**EXERCISE PROMPT:** Return all the lines below exactly as written. Drop every picture.

**ENTRIES SUPPLIED:**

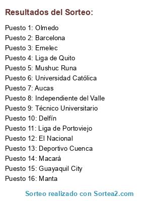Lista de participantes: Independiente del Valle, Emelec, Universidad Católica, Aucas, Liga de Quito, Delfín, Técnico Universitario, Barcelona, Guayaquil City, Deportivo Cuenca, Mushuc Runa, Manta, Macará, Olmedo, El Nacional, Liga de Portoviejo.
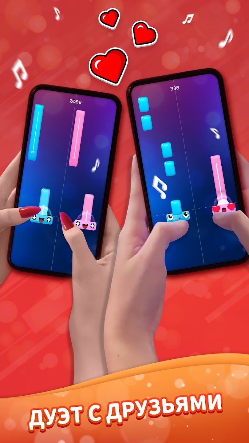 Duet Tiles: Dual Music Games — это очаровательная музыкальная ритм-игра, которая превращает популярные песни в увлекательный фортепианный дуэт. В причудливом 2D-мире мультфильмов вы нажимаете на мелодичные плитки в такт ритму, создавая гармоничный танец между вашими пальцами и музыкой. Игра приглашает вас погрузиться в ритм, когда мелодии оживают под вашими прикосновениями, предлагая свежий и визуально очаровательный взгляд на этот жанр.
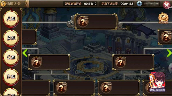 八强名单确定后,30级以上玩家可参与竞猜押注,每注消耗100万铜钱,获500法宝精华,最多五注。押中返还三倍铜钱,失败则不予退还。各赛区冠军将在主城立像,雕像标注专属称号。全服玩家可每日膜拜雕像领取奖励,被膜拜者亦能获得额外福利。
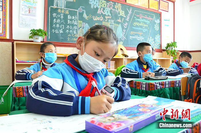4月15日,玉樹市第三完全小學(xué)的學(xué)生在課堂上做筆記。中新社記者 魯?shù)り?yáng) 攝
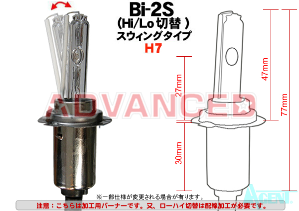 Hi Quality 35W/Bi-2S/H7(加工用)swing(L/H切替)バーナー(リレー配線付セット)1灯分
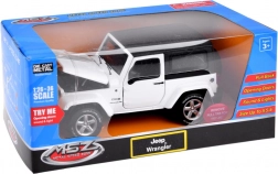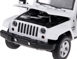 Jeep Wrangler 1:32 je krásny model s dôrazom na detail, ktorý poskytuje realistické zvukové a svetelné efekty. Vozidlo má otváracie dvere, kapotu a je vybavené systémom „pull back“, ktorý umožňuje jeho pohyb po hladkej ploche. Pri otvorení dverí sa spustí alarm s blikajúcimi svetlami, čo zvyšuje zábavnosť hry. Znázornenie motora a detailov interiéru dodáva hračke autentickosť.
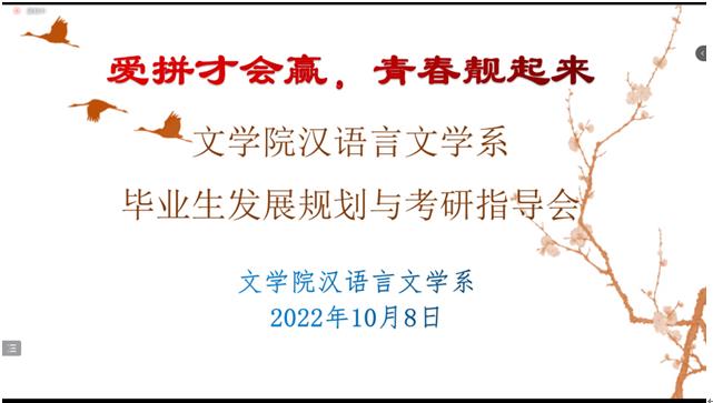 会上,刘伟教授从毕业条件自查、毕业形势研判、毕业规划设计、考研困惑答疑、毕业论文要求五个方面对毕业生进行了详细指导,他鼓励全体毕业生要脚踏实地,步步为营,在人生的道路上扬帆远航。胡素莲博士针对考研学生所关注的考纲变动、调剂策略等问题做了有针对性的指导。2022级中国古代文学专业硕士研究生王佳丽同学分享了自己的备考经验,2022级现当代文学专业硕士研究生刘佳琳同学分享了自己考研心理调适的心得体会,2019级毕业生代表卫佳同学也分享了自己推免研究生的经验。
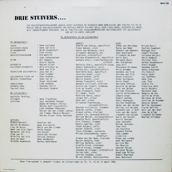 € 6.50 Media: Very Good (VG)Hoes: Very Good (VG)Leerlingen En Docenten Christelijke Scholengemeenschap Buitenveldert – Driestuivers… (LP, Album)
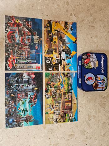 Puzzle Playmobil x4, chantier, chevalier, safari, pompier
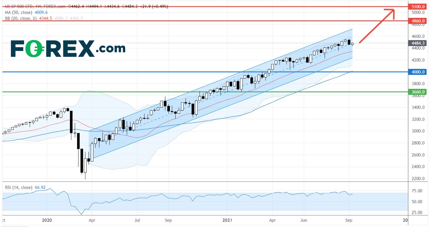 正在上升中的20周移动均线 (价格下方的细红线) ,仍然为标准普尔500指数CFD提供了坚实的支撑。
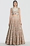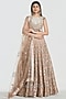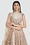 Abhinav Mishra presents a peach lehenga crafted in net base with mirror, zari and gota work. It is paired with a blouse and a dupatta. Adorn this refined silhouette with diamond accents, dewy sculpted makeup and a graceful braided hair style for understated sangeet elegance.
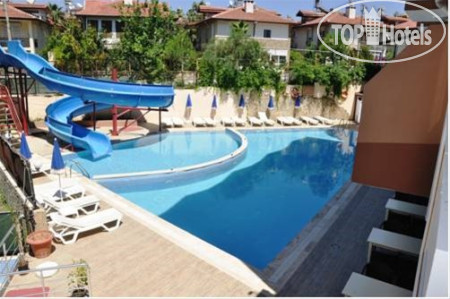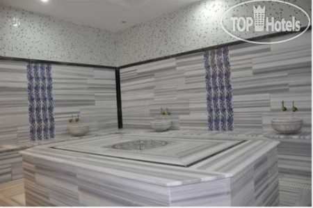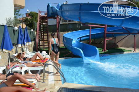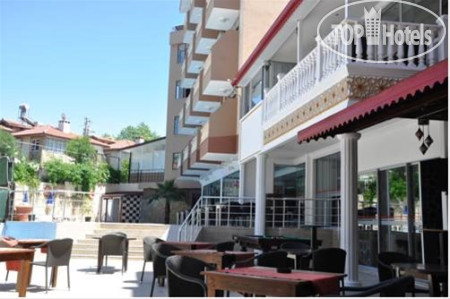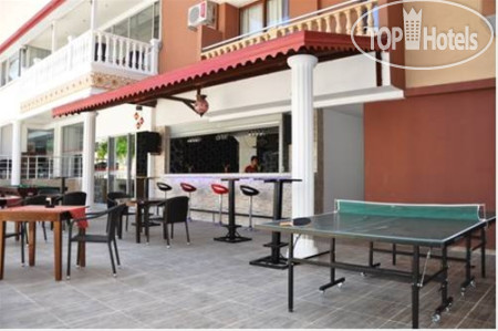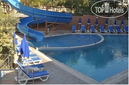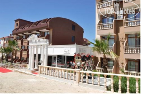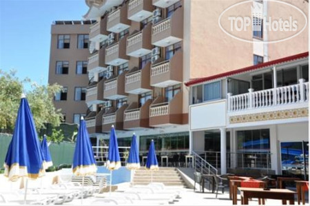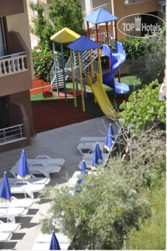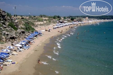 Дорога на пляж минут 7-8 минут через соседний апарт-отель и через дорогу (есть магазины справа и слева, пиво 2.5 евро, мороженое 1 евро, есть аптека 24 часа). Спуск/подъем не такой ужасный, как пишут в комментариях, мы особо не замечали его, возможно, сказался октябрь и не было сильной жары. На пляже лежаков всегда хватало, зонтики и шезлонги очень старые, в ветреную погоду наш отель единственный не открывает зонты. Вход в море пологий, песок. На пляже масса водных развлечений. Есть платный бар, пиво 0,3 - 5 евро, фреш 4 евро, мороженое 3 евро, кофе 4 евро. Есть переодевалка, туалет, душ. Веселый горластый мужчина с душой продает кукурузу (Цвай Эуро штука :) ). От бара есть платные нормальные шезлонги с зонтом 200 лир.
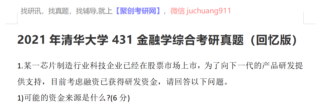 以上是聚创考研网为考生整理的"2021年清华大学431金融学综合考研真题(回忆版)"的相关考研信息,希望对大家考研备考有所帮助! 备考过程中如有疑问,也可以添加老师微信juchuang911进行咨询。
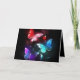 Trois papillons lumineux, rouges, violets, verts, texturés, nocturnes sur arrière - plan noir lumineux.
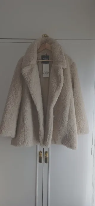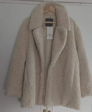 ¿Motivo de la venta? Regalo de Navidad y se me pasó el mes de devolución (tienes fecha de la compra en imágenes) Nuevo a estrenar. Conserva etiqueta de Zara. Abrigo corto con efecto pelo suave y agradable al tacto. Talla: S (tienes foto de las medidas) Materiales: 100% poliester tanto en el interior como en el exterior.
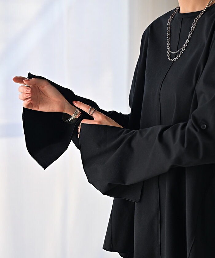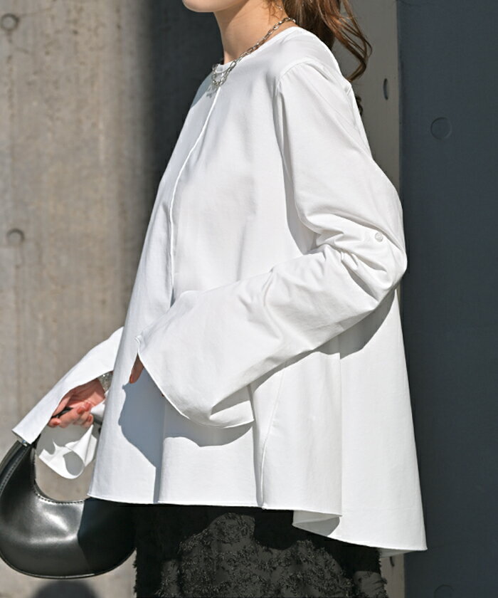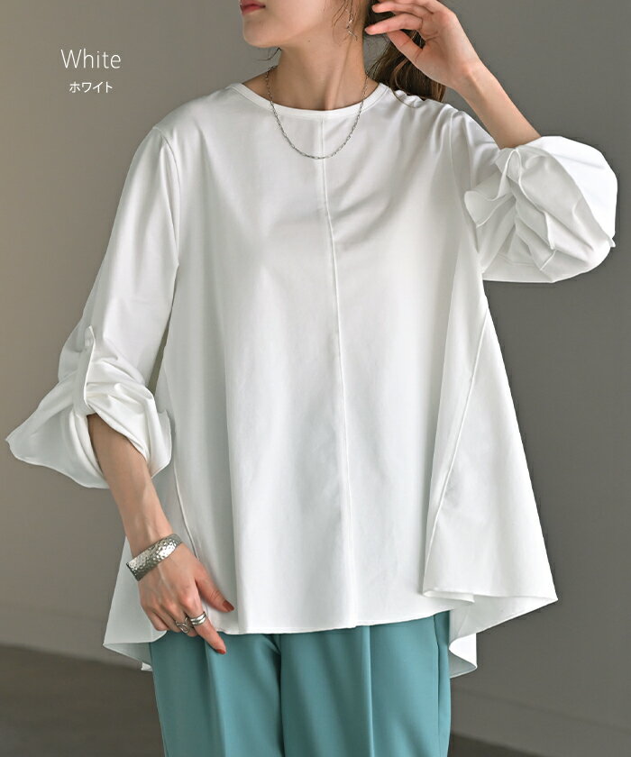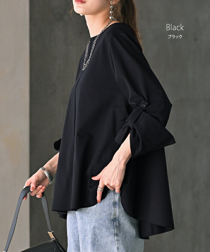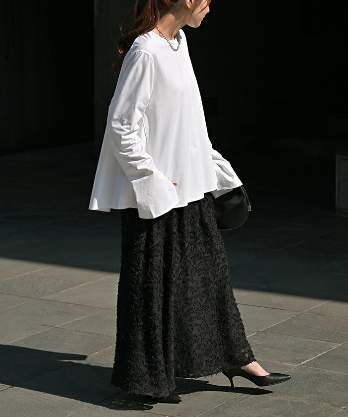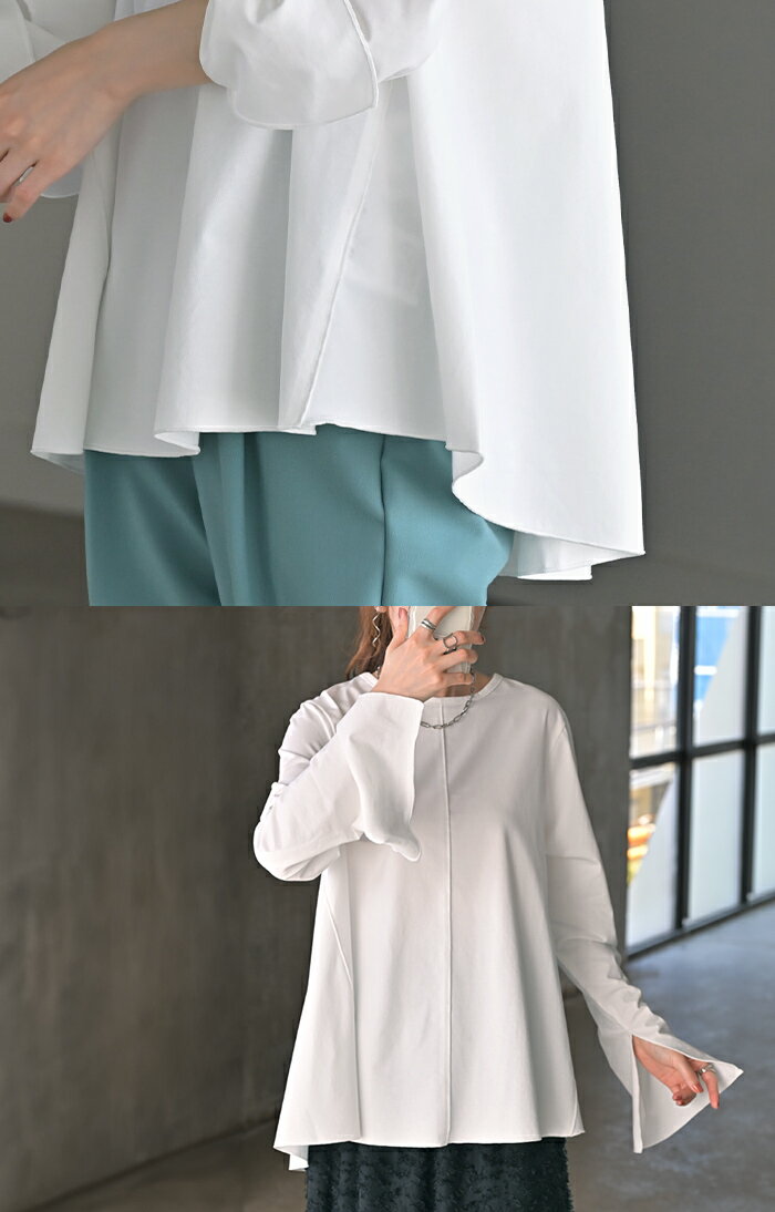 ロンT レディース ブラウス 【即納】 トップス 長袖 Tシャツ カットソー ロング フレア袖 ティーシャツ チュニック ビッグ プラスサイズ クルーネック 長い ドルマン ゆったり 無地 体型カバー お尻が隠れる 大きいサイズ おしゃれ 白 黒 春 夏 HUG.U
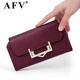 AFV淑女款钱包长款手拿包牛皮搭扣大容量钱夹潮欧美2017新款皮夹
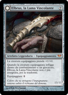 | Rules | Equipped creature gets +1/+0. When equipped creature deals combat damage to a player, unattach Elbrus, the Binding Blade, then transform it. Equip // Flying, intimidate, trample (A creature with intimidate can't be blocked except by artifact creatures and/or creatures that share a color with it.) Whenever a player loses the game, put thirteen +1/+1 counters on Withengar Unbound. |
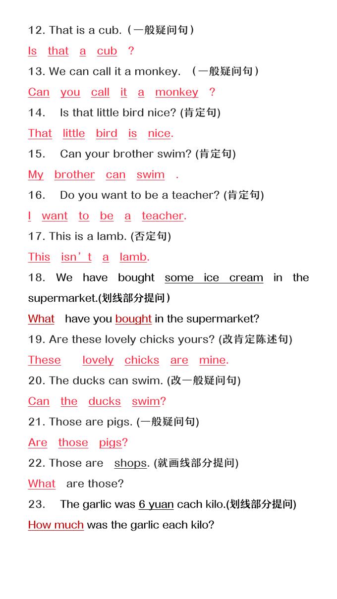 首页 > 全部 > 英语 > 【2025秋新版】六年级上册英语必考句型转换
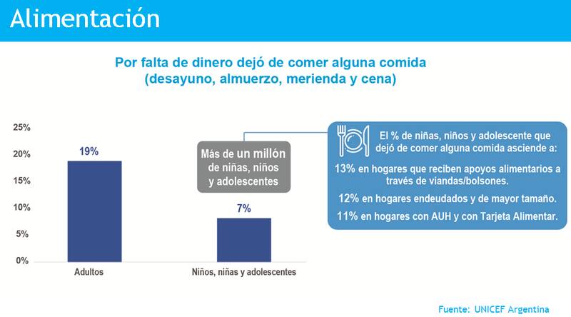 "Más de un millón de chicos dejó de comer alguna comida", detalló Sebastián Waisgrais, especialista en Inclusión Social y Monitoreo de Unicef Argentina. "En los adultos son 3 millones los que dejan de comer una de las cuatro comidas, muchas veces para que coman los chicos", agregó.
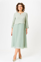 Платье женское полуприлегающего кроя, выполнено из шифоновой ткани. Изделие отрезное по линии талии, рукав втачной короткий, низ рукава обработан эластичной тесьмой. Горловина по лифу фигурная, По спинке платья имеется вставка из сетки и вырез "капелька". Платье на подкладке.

**SOLUTION TO THE PROBLEM:**
Lista de participantes: Independiente del Valle, Emelec, Universidad Católica, Aucas, Liga de Quito, Delfín, Técnico Universitario, Barcelona, Guayaquil City, Deportivo Cuenca, Mushuc Runa, Manta, Macará, Olmedo, El Nacional, Liga de Portoviejo.
 Duet Tiles: Dual Music Games — это очаровательная музыкальная ритм-игра, которая превращает популярные песни в увлекательный фортепианный дуэт. В причудливом 2D-мире мультфильмов вы нажимаете на мелодичные плитки в такт ритму, создавая гармоничный танец между вашими пальцами и музыкой. Игра приглашает вас погрузиться в ритм, когда мелодии оживают под вашими прикосновениями, предлагая свежий и визуально очаровательный взгляд на этот жанр.
 八强名单确定后,30级以上玩家可参与竞猜押注,每注消耗100万铜钱,获500法宝精华,最多五注。押中返还三倍铜钱,失败则不予退还。各赛区冠军将在主城立像,雕像标注专属称号。全服玩家可每日膜拜雕像领取奖励,被膜拜者亦能获得额外福利。
4月15日,玉樹市第三完全小學(xué)的學(xué)生在課堂上做筆記。中新社記者 魯?shù)り?yáng) 攝
 Hi Quality 35W/Bi-2S/H7(加工用)swing(L/H切替)バーナー(リレー配線付セット)1灯分
 Jeep Wrangler 1:32 je krásny model s dôrazom na detail, ktorý poskytuje realistické zvukové a svetelné efekty. Vozidlo má otváracie dvere, kapotu a je vybavené systémom „pull back“, ktorý umožňuje jeho pohyb po hladkej ploche. Pri otvorení dverí sa spustí alarm s blikajúcimi svetlami, čo zvyšuje zábavnosť hry. Znázornenie motora a detailov interiéru dodáva hračke autentickosť.
 会上,刘伟教授从毕业条件自查、毕业形势研判、毕业规划设计、考研困惑答疑、毕业论文要求五个方面对毕业生进行了详细指导,他鼓励全体毕业生要脚踏实地,步步为营,在人生的道路上扬帆远航。胡素莲博士针对考研学生所关注的考纲变动、调剂策略等问题做了有针对性的指导。2022级中国古代文学专业硕士研究生王佳丽同学分享了自己的备考经验,2022级现当代文学专业硕士研究生刘佳琳同学分享了自己考研心理调适的心得体会,2019级毕业生代表卫佳同学也分享了自己推免研究生的经验。
 € 6.50 Media: Very Good (VG)Hoes: Very Good (VG)Leerlingen En Docenten Christelijke Scholengemeenschap Buitenveldert – Driestuivers… (LP, Album)
 Puzzle Playmobil x4, chantier, chevalier, safari, pompier
 正在上升中的20周移动均线 (价格下方的细红线) ,仍然为标准普尔500指数CFD提供了坚实的支撑。
 Abhinav Mishra presents a peach lehenga crafted in net base with mirror, zari and gota work. It is paired with a blouse and a dupatta. Adorn this refined silhouette with diamond accents, dewy sculpted makeup and a graceful braided hair style for understated sangeet elegance.
 Дорога на пляж минут 7-8 минут через соседний апарт-отель и через дорогу (есть магазины справа и слева, пиво 2.5 евро, мороженое 1 евро, есть аптека 24 часа). Спуск/подъем не такой ужасный, как пишут в комментариях, мы особо не замечали его, возможно, сказался октябрь и не было сильной жары. На пляже лежаков всегда хватало, зонтики и шезлонги очень старые, в ветреную погоду наш отель единственный не открывает зонты. Вход в море пологий, песок. На пляже масса водных развлечений. Есть платный бар, пиво 0,3 - 5 евро, фреш 4 евро, мороженое 3 евро, кофе 4 евро. Есть переодевалка, туалет, душ. Веселый горластый мужчина с душой продает кукурузу (Цвай Эуро штука :) ). От бара есть платные нормальные шезлонги с зонтом 200 лир.
 以上是聚创考研网为考生整理的"2021年清华大学431金融学综合考研真题(回忆版)"的相关考研信息,希望对大家考研备考有所帮助! 备考过程中如有疑问,也可以添加老师微信juchuang911进行咨询。
 Trois papillons lumineux, rouges, violets, verts, texturés, nocturnes sur arrière - plan noir lumineux.
 ¿Motivo de la venta? Regalo de Navidad y se me pasó el mes de devolución (tienes fecha de la compra en imágenes) Nuevo a estrenar. Conserva etiqueta de Zara. Abrigo corto con efecto pelo suave y agradable al tacto. Talla: S (tienes foto de las medidas) Materiales: 100% poliester tanto en el interior como en el exterior.
 ロンT レディース ブラウス 【即納】 トップス 長袖 Tシャツ カットソー ロング フレア袖 ティーシャツ チュニック ビッグ プラスサイズ クルーネック 長い ドルマン ゆったり 無地 体型カバー お尻が隠れる 大きいサイズ おしゃれ 白 黒 春 夏 HUG.U
 AFV淑女款钱包长款手拿包牛皮搭扣大容量钱夹潮欧美2017新款皮夹
 | Rules | Equipped creature gets +1/+0. When equipped creature deals combat damage to a player, unattach Elbrus, the Binding Blade, then transform it. Equip // Flying, intimidate, trample (A creature with intimidate can't be blocked except by artifact creatures and/or creatures that share a color with it.) Whenever a player loses the game, put thirteen +1/+1 counters on Withengar Unbound. |
 首页 > 全部 > 英语 > 【2025秋新版】六年级上册英语必考句型转换
 "Más de un millón de chicos dejó de comer alguna comida", detalló Sebastián Waisgrais, especialista en Inclusión Social y Monitoreo de Unicef Argentina. "En los adultos son 3 millones los que dejan de comer una de las cuatro comidas, muchas veces para que coman los chicos", agregó.
 Платье женское полуприлегающего кроя, выполнено из шифоновой ткани. Изделие отрезное по линии талии, рукав втачной короткий, низ рукава обработан эластичной тесьмой. Горловина по лифу фигурная, По спинке платья имеется вставка из сетки и вырез "капелька". Платье на подкладке.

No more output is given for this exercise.